As for creation, let’s assume we have an instance running on the defaults already. There are two ways to create new custom databases. First, we can use the createdb utility from the command line any number of times:

createdb myapp
createdb yourapp
createdb anotherapp

Or we can connect to the “postgres” database as a superuser (the “postgres” user by default), and then create the new databases using SQL syntax:

CREATE DATABASE myapp;
CREATE DATABASE yourapp;
CREATE DATABASE anotherapp;

This of course raises the question: why would I want to create separate databases? Some use cases might not demand this, but it’s generally considered good practice to place objects in a container that describes its contents. The word “postgres” means nothing to anyone but people who really like Postgres, and those who interact with it regularly. It doesn’t suggest how data might be related, what application or project the data might belong to, or any other myriad reasons. It’s a nice playground, but shouldn’t really be used otherwise.
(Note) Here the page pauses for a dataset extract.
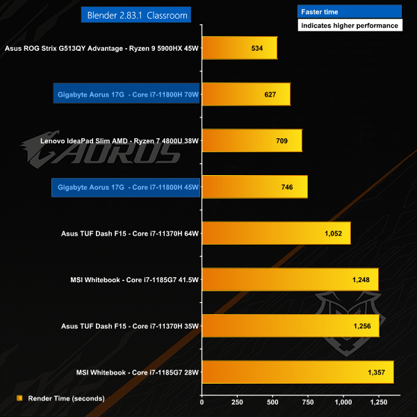 In Blender Classroom you will note there are two entries for the Core i7-11800H. The slower run with 45W of CPU power is unimpressive while the faster 70W run is heading in the direction of Ryzen 9 5900HX, although it is clear the Intel CPU is significantly more inefficient.

Some companies name databases after intended environment. In such cases, we often see “dev” or “stage” or “production” or some other variant. Others use the application name itself, making it fairly clear why the database exists, and what its primary role entails. Regardless of the approach, we strongly recommend creating databases with meaningful names, no matter how that might be interpreted.

But what comes next? Say we followed the rules and created a database for our application. Does that mean we can simply start creating tables there immediately? Yes, of course we can! But please do everyone a favor and refrain from doing so. Because as with all things Postgres, we often get a default we should try to avoid for more official projects. This time, that default is the public schema.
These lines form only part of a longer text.